1986—Otto Preminger Dies
Austro–Hungarian film director Otto Preminger, who directed such eternal classics as Laura, Anatomy of a Murder, Carmen Jones, The Man with the Golden Arm, and Stalag 17, and for his efforts earned a star on Hollywood's Walk of Fame, dies in New York City, aged 80, from cancer and Alzheimer's disease. 1998—James Earl Ray Dies
The convicted assassin of American civil rights leader Martin Luther King, Jr., petty criminal James Earl Ray, dies in prison of hepatitis aged 70, protesting his innocence as he had for decades. Members of the King family who supported Ray's fight to clear his name believed the U.S. Government had been involved in Dr. King's killing, but with Ray's death such questions became moot. 1912—Pravda Is Founded
The newspaper Pravda, or Truth, known as the voice of the Communist Party of the Soviet Union, begins publication in Saint Petersburg. It is one of the country's leading newspapers until 1991, when it is closed down by decree of then-President Boris Yeltsin. A number of other Pravdas appear afterward, including an internet site and a tabloid. 1983—Hitler's Diaries Found
The German magazine Der Stern claims that Adolf Hitler's diaries had been found in wreckage in East Germany. The magazine had paid 10 million German marks for the sixty small books, plus a volume about Rudolf Hess's flight to the United Kingdom, covering the period from 1932 to 1945. But the diaries are subsequently revealed to be fakes written by Konrad Kujau, a notorious Stuttgart forger.
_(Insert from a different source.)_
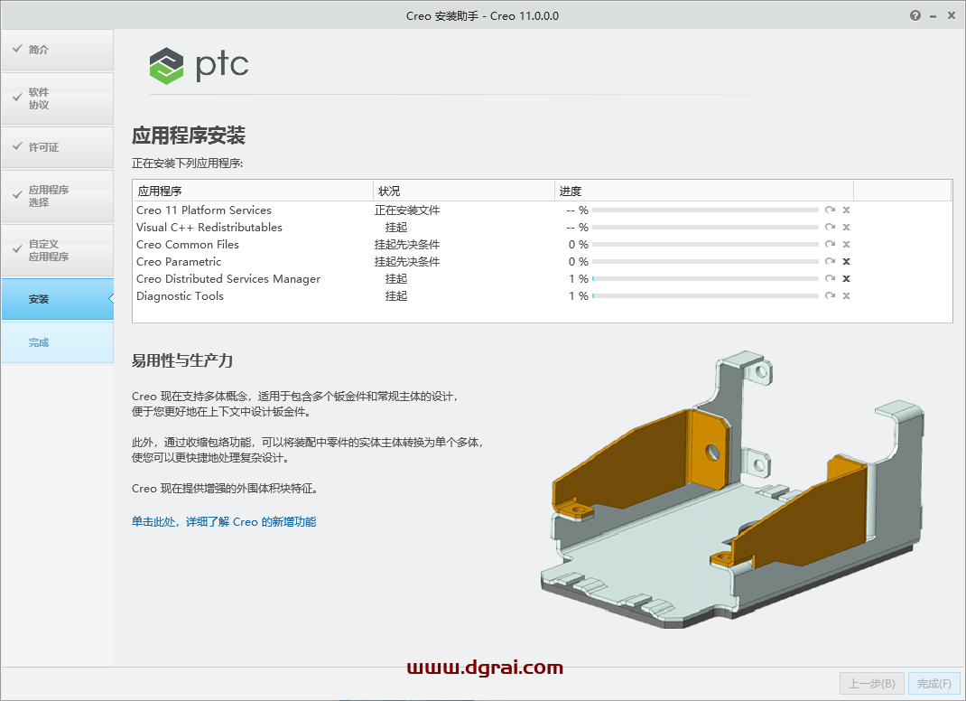 12、Creo Distributed Services Manager产品选择,将APP工具包选择,然后点击安装

Both he and Stern journalist Gerd Heidemann go to trial in 1985 and are each sentenced to 42 months in prison. 1918—The Red Baron Is Shot Down
German WWI fighter ace Manfred von Richthofen, better known as The Red Baron, sustains a fatal wound while flying over Vaux sur Somme in France. Von Richthofen, shot through the heart, manages a hasty emergency landing before dying in the cockpit of his plane. His last word, according to one witness, is "Kaputt." The Red Baron was the most successful flying ace during the war, having shot down at least 80 enemy airplanes. 1964—Satellite Spreads Radioactivity
An American-made Transit satellite, which had been designed to track submarines, fails to reach orbit after launch and disperses its highly radioactive two pound plutonium power source over a wide area as it breaks up re-entering the atmosphere.